Data records
★ ★ ★ ★
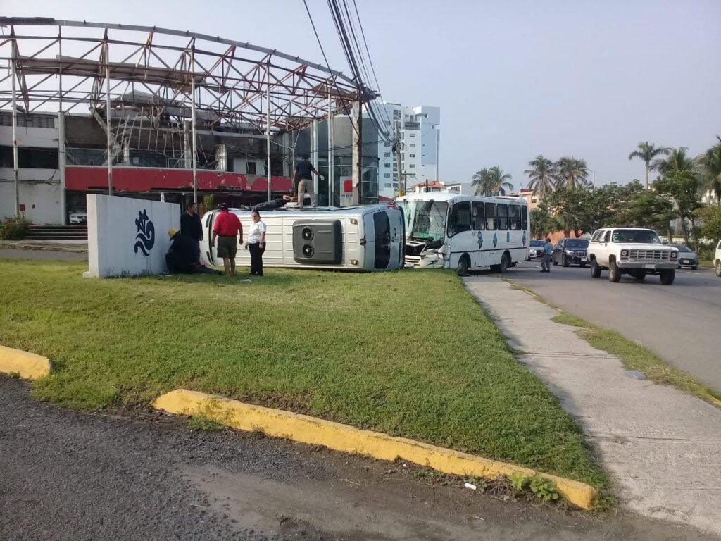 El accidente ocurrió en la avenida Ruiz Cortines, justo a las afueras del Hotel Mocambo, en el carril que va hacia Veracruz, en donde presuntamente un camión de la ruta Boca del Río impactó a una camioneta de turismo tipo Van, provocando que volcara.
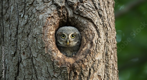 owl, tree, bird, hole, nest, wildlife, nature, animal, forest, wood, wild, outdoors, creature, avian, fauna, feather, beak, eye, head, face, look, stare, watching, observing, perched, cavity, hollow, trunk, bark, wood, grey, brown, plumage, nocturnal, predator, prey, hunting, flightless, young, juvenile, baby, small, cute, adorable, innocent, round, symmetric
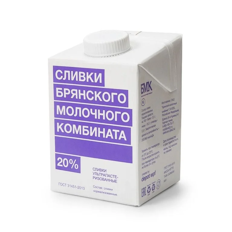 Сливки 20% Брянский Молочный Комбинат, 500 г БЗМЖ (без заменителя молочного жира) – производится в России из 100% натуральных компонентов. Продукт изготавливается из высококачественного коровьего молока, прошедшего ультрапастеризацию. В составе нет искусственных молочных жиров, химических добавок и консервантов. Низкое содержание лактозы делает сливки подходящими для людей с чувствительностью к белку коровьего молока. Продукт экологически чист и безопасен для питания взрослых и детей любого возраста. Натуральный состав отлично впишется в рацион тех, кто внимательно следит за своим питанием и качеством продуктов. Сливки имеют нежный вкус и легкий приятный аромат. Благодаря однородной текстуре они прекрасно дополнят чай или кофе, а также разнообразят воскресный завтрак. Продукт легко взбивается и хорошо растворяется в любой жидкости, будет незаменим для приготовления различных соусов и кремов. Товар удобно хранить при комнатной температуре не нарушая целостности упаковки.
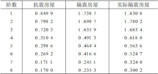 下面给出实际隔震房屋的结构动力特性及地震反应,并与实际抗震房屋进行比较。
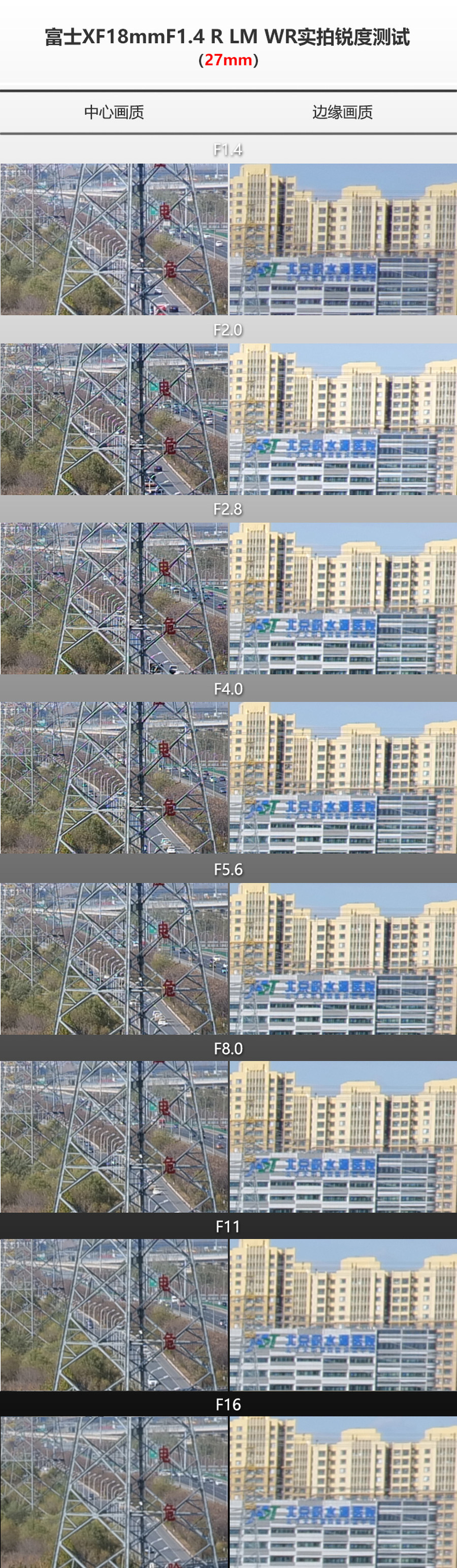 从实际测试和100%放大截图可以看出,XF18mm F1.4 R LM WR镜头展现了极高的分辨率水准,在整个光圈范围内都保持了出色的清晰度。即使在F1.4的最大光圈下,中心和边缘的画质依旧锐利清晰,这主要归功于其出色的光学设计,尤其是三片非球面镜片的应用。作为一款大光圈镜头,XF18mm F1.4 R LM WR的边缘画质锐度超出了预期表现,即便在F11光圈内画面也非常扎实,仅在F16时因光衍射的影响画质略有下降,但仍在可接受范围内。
★ ★ ★ ★
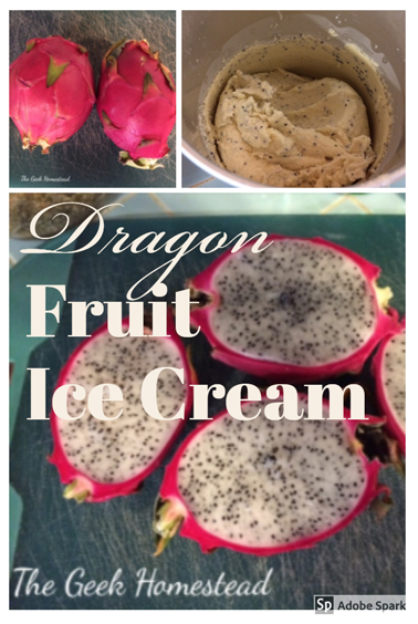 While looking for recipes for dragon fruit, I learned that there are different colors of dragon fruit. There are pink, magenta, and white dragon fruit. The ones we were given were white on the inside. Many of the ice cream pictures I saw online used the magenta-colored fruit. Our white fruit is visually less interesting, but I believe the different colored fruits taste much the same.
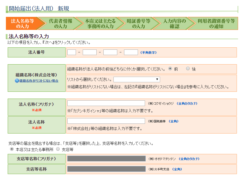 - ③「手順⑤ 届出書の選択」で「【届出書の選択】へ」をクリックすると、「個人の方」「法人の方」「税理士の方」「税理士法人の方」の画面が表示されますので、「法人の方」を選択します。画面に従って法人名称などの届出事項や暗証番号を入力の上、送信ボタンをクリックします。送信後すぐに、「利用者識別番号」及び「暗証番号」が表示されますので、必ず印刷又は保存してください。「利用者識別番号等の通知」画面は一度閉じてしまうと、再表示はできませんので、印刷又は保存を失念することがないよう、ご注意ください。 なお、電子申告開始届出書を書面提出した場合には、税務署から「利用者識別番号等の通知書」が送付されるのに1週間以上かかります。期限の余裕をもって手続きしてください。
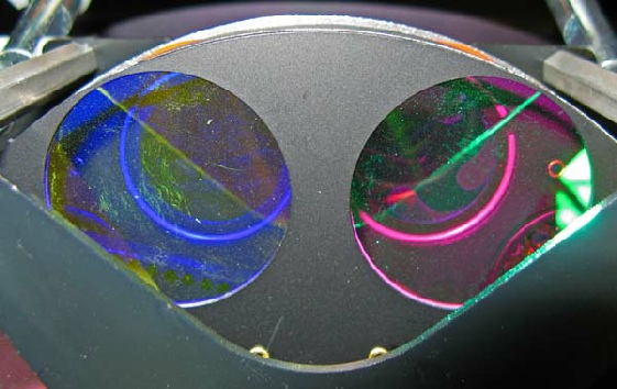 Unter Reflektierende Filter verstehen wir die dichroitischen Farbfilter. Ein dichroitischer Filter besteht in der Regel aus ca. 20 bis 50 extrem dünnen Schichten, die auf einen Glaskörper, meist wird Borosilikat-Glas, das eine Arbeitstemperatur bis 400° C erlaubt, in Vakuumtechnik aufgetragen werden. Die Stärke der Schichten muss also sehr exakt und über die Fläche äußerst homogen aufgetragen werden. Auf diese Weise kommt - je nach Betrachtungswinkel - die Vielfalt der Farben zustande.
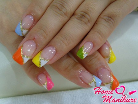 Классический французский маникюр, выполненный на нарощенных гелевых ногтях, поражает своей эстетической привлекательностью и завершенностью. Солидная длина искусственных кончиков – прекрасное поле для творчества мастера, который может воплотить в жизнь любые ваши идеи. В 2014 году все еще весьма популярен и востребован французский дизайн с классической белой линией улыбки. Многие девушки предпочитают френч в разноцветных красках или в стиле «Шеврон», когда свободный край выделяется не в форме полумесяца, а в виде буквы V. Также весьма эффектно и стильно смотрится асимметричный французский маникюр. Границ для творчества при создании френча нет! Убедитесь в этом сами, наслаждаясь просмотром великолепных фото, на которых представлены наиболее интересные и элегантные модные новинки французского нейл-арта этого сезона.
★ ★ ★ ★
What you need to do
Return, exactly as they stand, the lines above from the one with "El accidente ocurrió" to the one with "从实际测试和100%放大截图可以看出,XF18mm F1.4 R", omitting any pictures among them.

Response to this exercise
 El accidente ocurrió en la avenida Ruiz Cortines, justo a las afueras del Hotel Mocambo, en el carril que va hacia Veracruz, en donde presuntamente un camión de la ruta Boca del Río impactó a una camioneta de turismo tipo Van, provocando que volcara.
 owl, tree, bird, hole, nest, wildlife, nature, animal, forest, wood, wild, outdoors, creature, avian, fauna, feather, beak, eye, head, face, look, stare, watching, observing, perched, cavity, hollow, trunk, bark, wood, grey, brown, plumage, nocturnal, predator, prey, hunting, flightless, young, juvenile, baby, small, cute, adorable, innocent, round, symmetric
 Сливки 20% Брянский Молочный Комбинат, 500 г БЗМЖ (без заменителя молочного жира) – производится в России из 100% натуральных компонентов. Продукт изготавливается из высококачественного коровьего молока, прошедшего ультрапастеризацию. В составе нет искусственных молочных жиров, химических добавок и консервантов. Низкое содержание лактозы делает сливки подходящими для людей с чувствительностью к белку коровьего молока. Продукт экологически чист и безопасен для питания взрослых и детей любого возраста. Натуральный состав отлично впишется в рацион тех, кто внимательно следит за своим питанием и качеством продуктов. Сливки имеют нежный вкус и легкий приятный аромат. Благодаря однородной текстуре они прекрасно дополнят чай или кофе, а также разнообразят воскресный завтрак. Продукт легко взбивается и хорошо растворяется в любой жидкости, будет незаменим для приготовления различных соусов и кремов. Товар удобно хранить при комнатной температуре не нарушая целостности упаковки.
 下面给出实际隔震房屋的结构动力特性及地震反应,并与实际抗震房屋进行比较。
 从实际测试和100%放大截图可以看出,XF18mm F1.4 R LM WR镜头展现了极高的分辨率水准,在整个光圈范围内都保持了出色的清晰度。即使在F1.4的最大光圈下,中心和边缘的画质依旧锐利清晰,这主要归功于其出色的光学设计,尤其是三片非球面镜片的应用。作为一款大光圈镜头,XF18mm F1.4 R LM WR的边缘画质锐度超出了预期表现,即便在F11光圈内画面也非常扎实,仅在F16时因光衍射的影响画质略有下降,但仍在可接受范围内。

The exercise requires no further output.